Only you and your doctor can decide if you need orthognathic surgery. At Alpine Oral and Facial Surgery, we will closely and carefully evaluate your facial profile, your bite, your medical history, and your desired outcome. In some cases, we may begin your treatment with a less invasive solution, while in other cases it may be apparent that jaw surgery will be the best way to alleviate or solve your health condition.

Before your procedure, we will work with you and your insurance company to determine whether or not your surgery is covered by insurance and what percentage of the costs will be paid by your policy.

We treat many patients who have no insurance coverage for these procedures and we have all-inclusive cash fees to help these individuals plan and avoid surprises. We also offer several different financing options to help you achieve your desired outcome. Every case is unique. Contact us today to discuss your situation and we will help you create a pathway to achieve your goal.

All surgery has some associated risk. The more common unanticipated problems seen with corrective jaw surgery include infection, bleeding, or the need for further surgery to improve or adjust a result. Patients will frequently have a sensation of numbness or tingling in various areas of the face and mouth after surgery. This usually returns to normal as the swelling resolves, but occasionally patients will experience permanent changes in sensation.

This type of surgery always changes the shape and proportions of the patient’s face, most notably the profile of the nose, lips and chin. We plan the surgery to idealize these proportions.
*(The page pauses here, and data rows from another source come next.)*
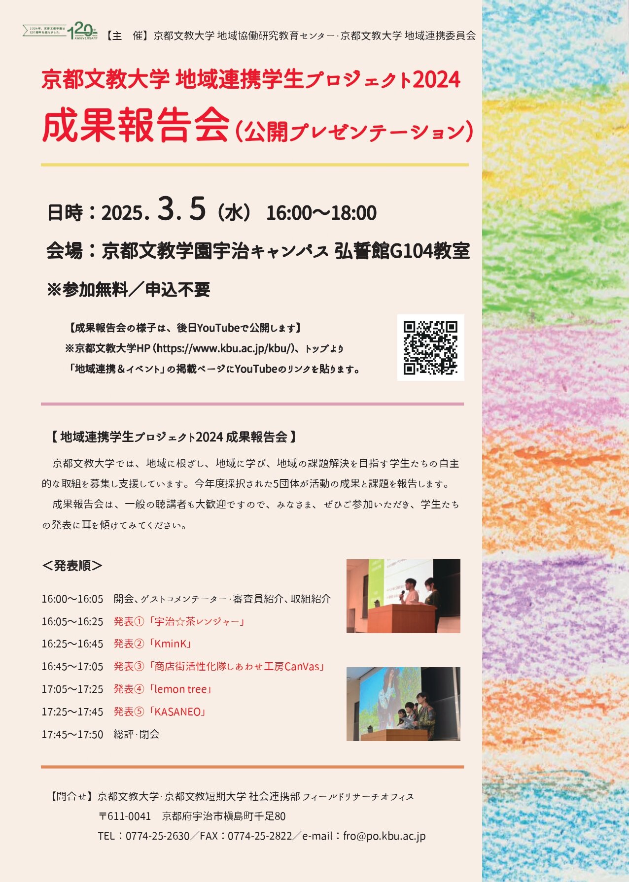 【参加募集】京都文教大学地域連携学生プロジェクト2024成果報告会(公開プレゼンテーション)の開催について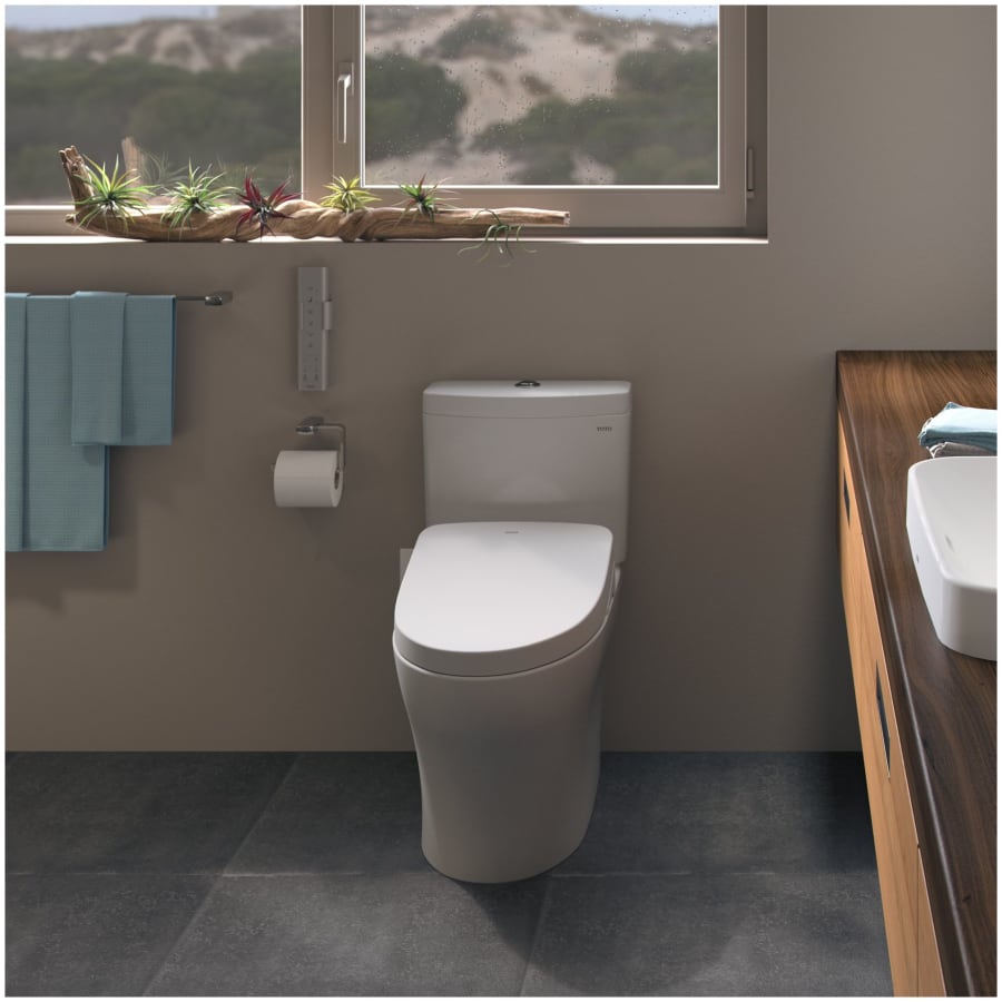 Aquia IV 0.9 / 1.28 GPF Dual Flush One Piece Elongated Toilet with Push Button Flush – Less Bidet Seat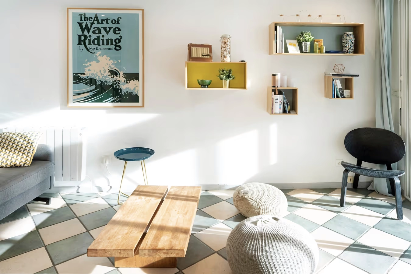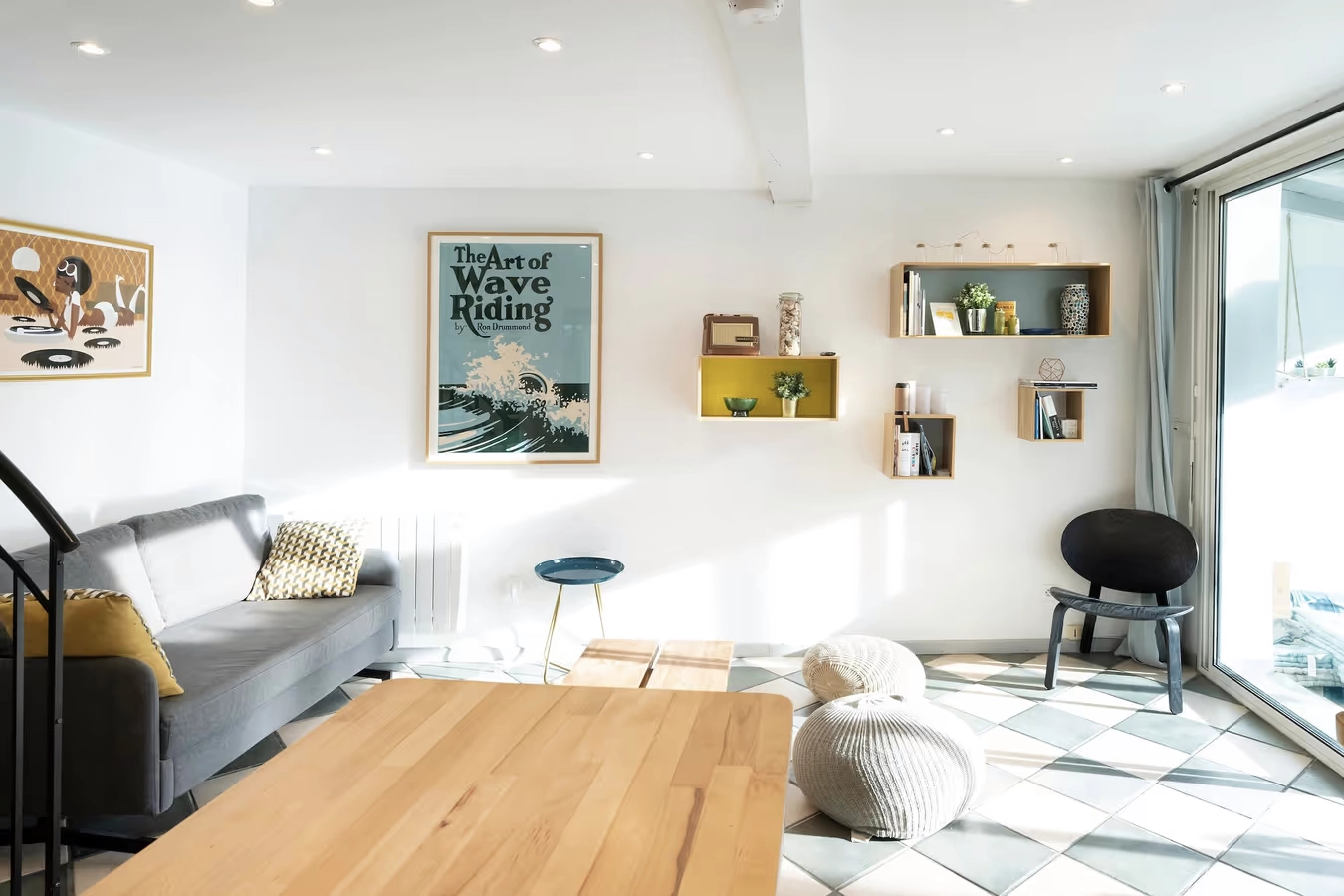 Le salon convivial dispose d’un canapé-lit.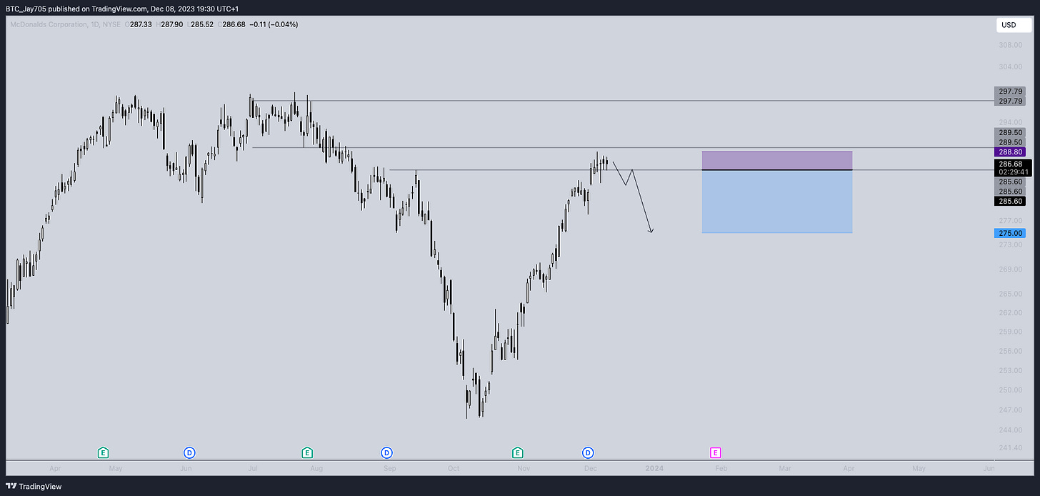 If the price breaks down below $285.60 we are looking to short this with targets at $281.85 and $275 with a stop loss at $288.80. Click Here For More Trade Ideas

Due to modern advancements in orthognathic surgery, patients will almost never need to have their jaws wired shut for any length of time after surgery. Instead, small plates and screws are used to keep your jaw in place after surgery.

Your recovery from jaw surgery depends on the type of jaw surgery you have, your medical history, and your age. Most patients need a one- to two-week recovery period and may need longer than that before feeling completely normal. Most of the swelling from surgery in gone in ten to fourteen days, though it usually takes six weeks until swelling goes down completely. Complete healing of your jaw bones may not occur for up to six months, and during this time, patients may need to follow a slightly modified diet.

Both before and after your surgery, we will discuss your recovery process in detail. During these discussions, we encourage any and all questions you might have.

Your orthodontic needs will be evaluated before surgery and in collaboration with your regular orthodontist. Because aligning your jaw correctly often involves preparing your teeth to be aligned, many of our patients require orthodontic treatment before and after surgery. How long you will need to wear braces varies from case to case. Speak with your orthodontist and your doctor to learn more about your options – and which steps will help you achieve the best outcome for you.

Corrective jaw surgery has a number of benefits, depending on the type of surgery and your reason for surgery. Corrective jaw surgery is most often done to improve the bite and enhance facial appearance. It may also be performed to treat jaw pain, chewing difficulties, breathing issues, obstructive sleep apnea, TMJ disorders, and swallowing difficulties. These procedures are always done with an eye toward idealizing facial balance and appearance.